Tuesday, July 8, 2008

An incident, spun thus...

When the headline begins "Death Crash Cyclist", the details are usually all too familiar.

A cyclist and another road user meet. Physically. This does not go well for the cyclist. Cue, in approximate temporal order:
  • lurid imagery
  • apportioning of blame,
  • rationalization of the causes,
  • and a promise that lessons will be learned. Often in the form of an undertaking to redesign the road, the junction, or the cycle facility; rarely in the form of a promise to change future behaviour, from all interested parties.
And so we proceed, much as before.

Today, however, the Metro headline was more sour than sanguine. In full:

Death crash cyclist 'mowed down teen'

What does one say to that? A seemingly complex case, reduced to 'Cyclist did bad thing STOP cyclist inhuman, cyclist bad STOP', perhaps with an undertone of 'cycling bad STOP' thrown in too.

From the few facts in the piece, it would seem that both cyclist and teenagers were acting as humans do. Imperfectly. This death seems a terrible mistake - that the cyclist was on the pavement near these people (why?), that he perhaps could not tell they had been drinking, that one of them would step out at the last minute, unaware of the potential danger, and that he could not avoid the collision once that had happened.

But to equate that to 'mowing down' the bystander, to suggest he meant to cause this injury, this harm, this loss, is monstrous.
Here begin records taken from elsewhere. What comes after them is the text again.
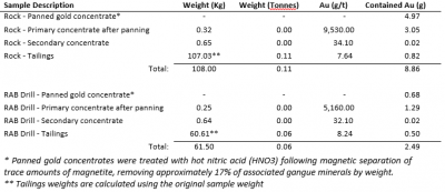 The following table shows the weight and gold content for each concentrate as well as for the tails.
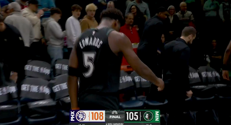 最后2分27秒,爱德华兹犹豫出手导致球队24秒违例,随后华子和兰德尔突破得分,里德错失续命三分,太阳也不得分,比赛还剩8.9秒华子突破上篮追到仅落后1分,吉莱斯皮两罚全中,麦克丹尼尔斯错失绝平三分,最终森林狼输掉比赛,赛后华子第一时间失落离场。
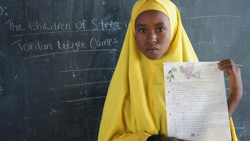 Lojain is three and a half years old… she loves her school very much … Maybe she feels like it is her only window to the world outside the realm of bombings and destruction. There she meets her teachers and her friends … and expresses her views freely, despite her young age …

And unbelievable. Ask any long-standing cyclist; when someone steps out in your path and you collide, it hurts. For both of you.
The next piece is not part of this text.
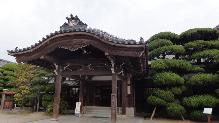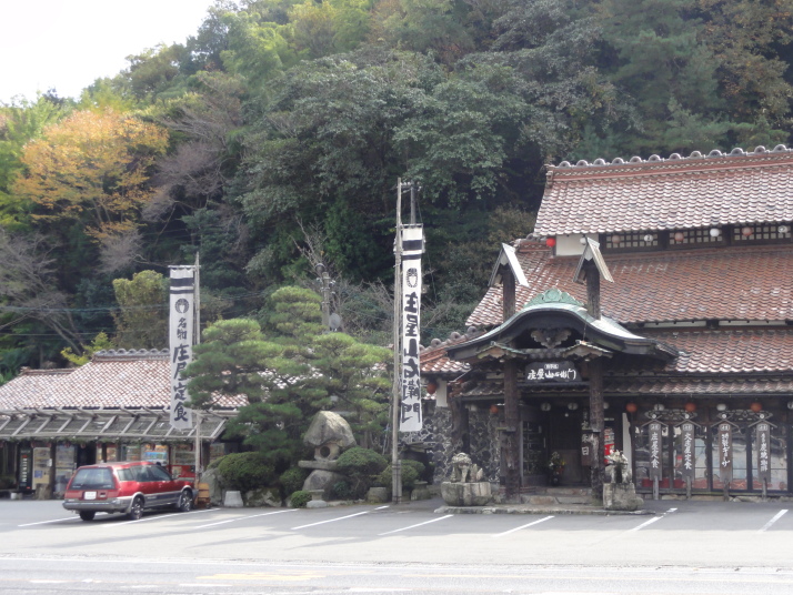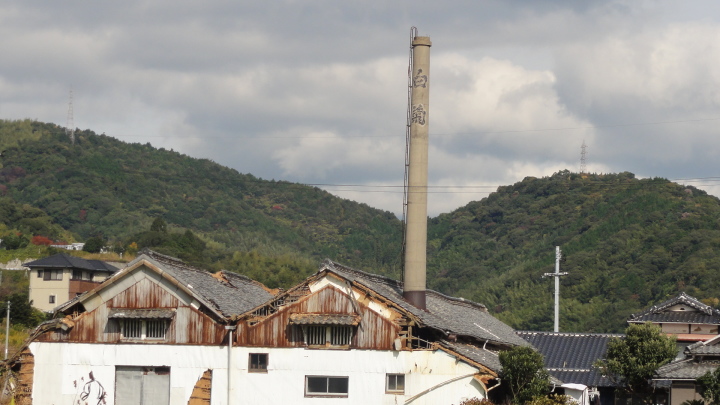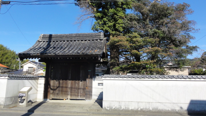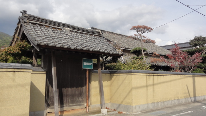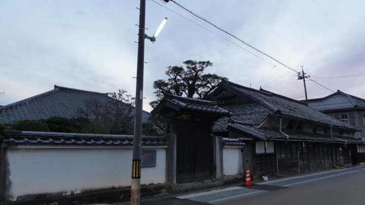 その後は夜市川沿いの土手道を進み、更に細い田圃道を進んで11時20分に船山神社に到着。建保4年(1216)流行病を治めるため京都の祗園社の分霊を祀ったとあります。国道2号線と合流した後直ぐに旧道に入り、国道と並行するように椿峠に向けて登ります。椿峠頂上で一旦国道と合流、ここには、庄屋山右衛門、天野屋利兵衛という時代がかった名前の食堂がありますが、どうも天野屋は営業していない様子。信号のない国道2号線を必死の思いで横断して反対側の旧道に入り前を進みます。12時半頃、白菊を造っていた酒蔵跡を経て12時50分に富海宿本陣跡の清水家へ。当時の遺構は門だけが残っています。

I've done this, colliding with a pedestrian who stepped into the road without looking. We both had only minor injuries - but i wouldn't choose to repeat the experience. No sensible person would; if this cyclist was insensible enough to, he'd be in need of psychological help, not a sentence.

More facts over at the Daily Mail's article, 'Cyclist killed teenage girl on pavement 'after refusing to swerve to avoid her''. For example, that the cyclist was doing 17 - 23mph. And that the teenager had drunk 2 cans of Stella (5.2% ABV).

And a helpful reminder, from the Daily Mail: "It is illegal to cycle on the pavement". These, the last words of an article which makes it clear, witnesses cannot agree where the cyclist was, road or pavement, when the collision occurred.

But no matter, 'Bad cyclist did bad thing STOP' still sells papers. Who reads this, and feels better for having done so?